**Extracted information**
══════════

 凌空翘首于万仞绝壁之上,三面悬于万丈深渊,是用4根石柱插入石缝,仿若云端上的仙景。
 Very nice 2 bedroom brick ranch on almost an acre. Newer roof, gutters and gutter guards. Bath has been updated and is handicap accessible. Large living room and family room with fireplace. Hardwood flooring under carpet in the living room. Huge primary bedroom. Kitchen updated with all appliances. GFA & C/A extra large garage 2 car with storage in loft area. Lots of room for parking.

══════════

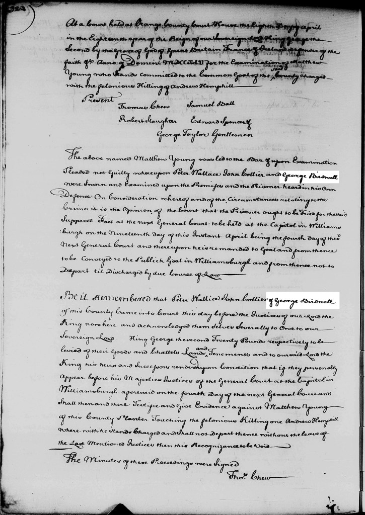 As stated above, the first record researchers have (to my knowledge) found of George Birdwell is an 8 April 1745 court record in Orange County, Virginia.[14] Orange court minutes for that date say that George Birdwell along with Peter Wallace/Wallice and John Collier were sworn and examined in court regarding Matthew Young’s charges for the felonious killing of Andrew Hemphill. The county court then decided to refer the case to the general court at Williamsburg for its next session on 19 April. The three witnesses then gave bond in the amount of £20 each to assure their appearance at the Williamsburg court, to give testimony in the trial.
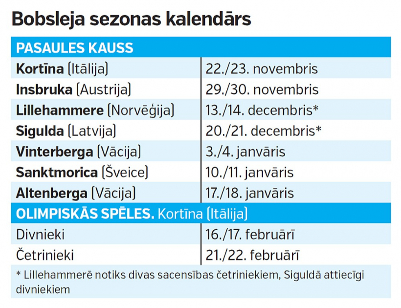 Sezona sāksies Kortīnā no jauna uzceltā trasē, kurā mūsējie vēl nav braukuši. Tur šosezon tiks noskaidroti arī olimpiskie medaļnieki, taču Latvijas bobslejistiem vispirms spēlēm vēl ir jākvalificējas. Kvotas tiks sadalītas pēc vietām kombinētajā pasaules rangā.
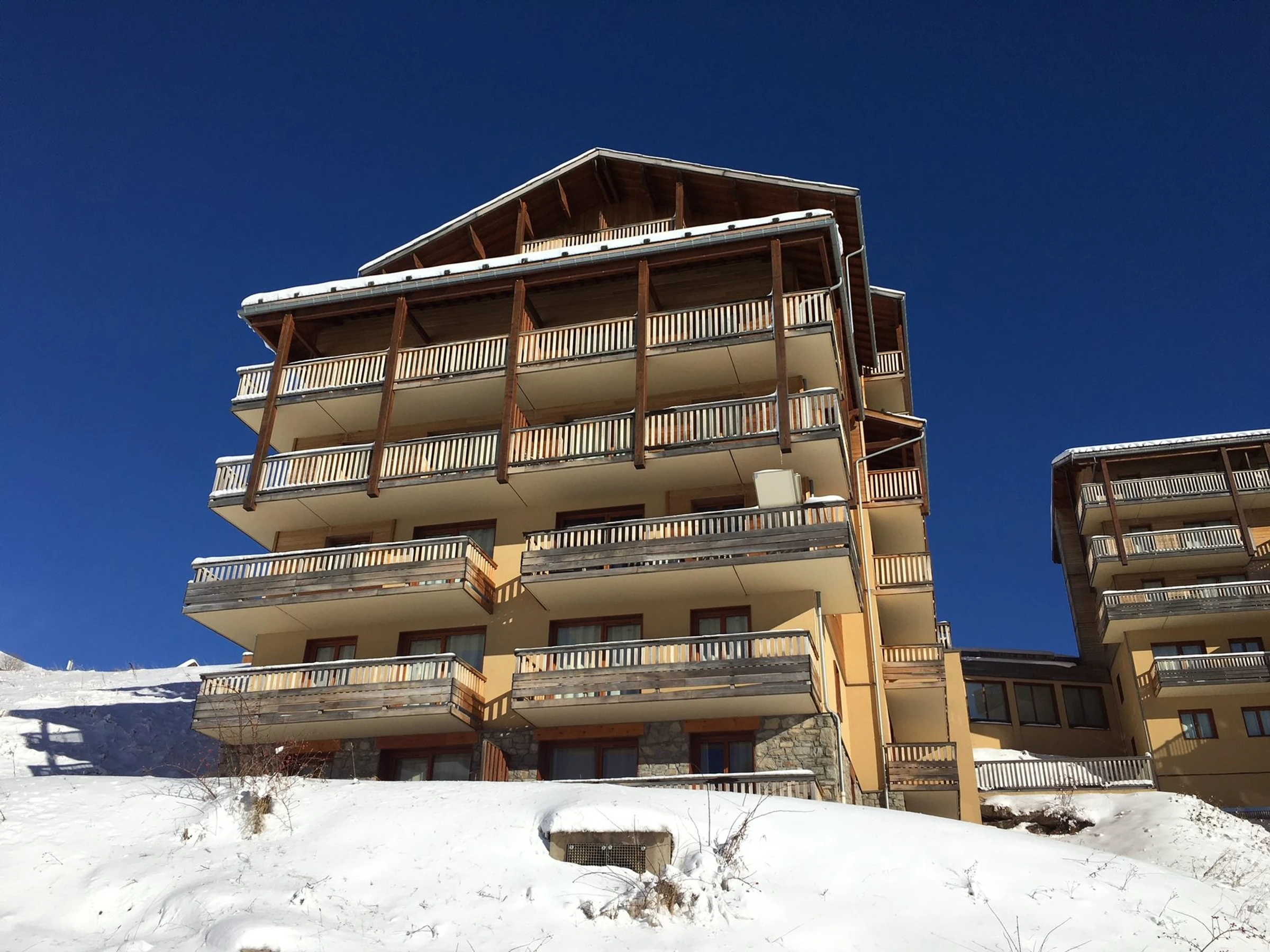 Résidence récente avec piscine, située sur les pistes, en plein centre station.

══════════

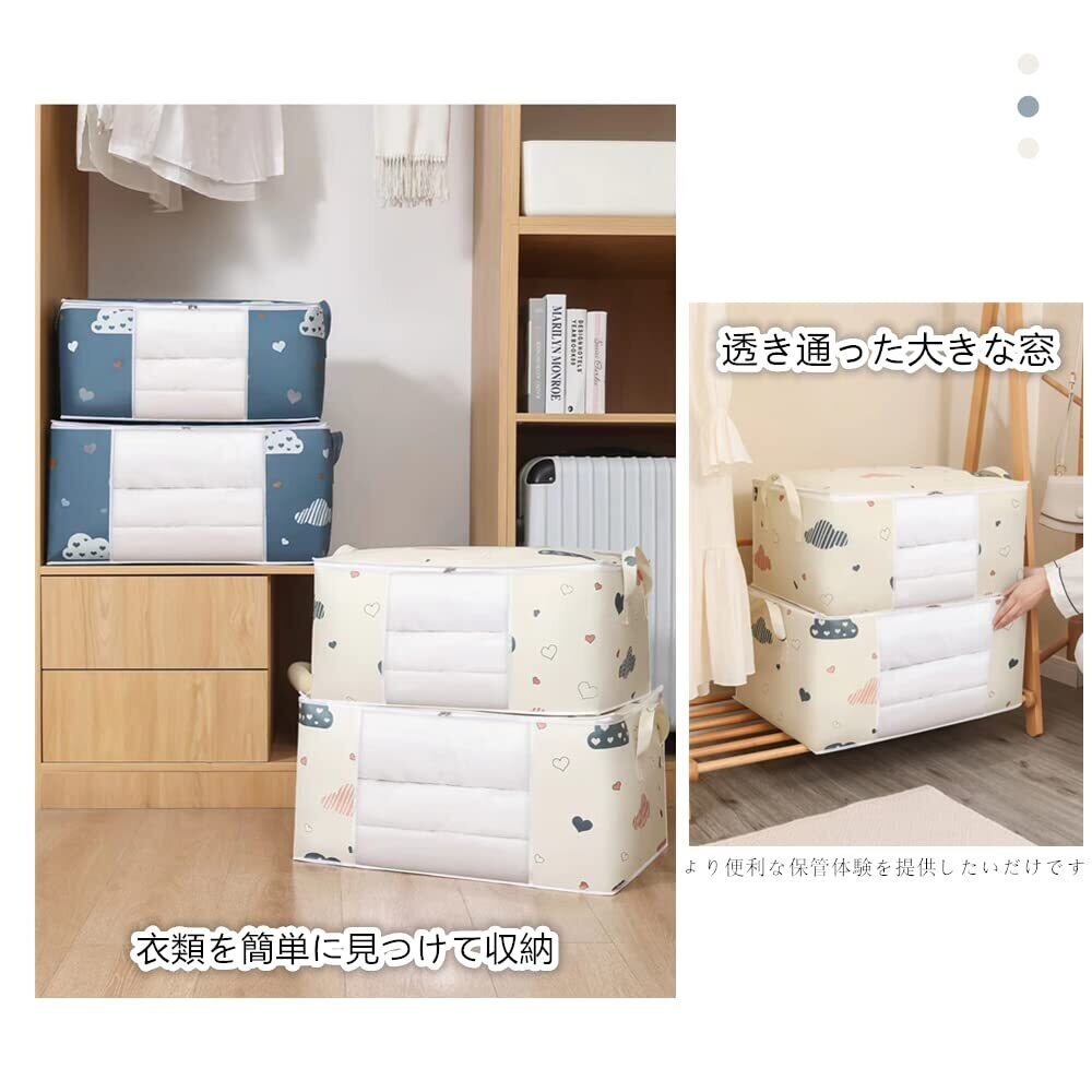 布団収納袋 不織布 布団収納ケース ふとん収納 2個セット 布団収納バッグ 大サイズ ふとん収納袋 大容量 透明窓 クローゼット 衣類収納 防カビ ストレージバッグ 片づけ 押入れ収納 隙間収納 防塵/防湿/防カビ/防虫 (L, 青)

══════════

**Work required**
Lines to set down from above: the line with "凌空翘首于万仞绝壁之上,三面", the line with "Very nice 2", and every line between, each exactly as written.

**Output**
 凌空翘首于万仞绝壁之上,三面悬于万丈深渊,是用4根石柱插入石缝,仿若云端上的仙景。
 Very nice 2 bedroom brick ranch on almost an acre. Newer roof, gutters and gutter guards. Bath has been updated and is handicap accessible. Large living room and family room with fireplace. Hardwood flooring under carpet in the living room. Huge primary bedroom. Kitchen updated with all appliances. GFA & C/A extra large garage 2 car with storage in loft area. Lots of room for parking.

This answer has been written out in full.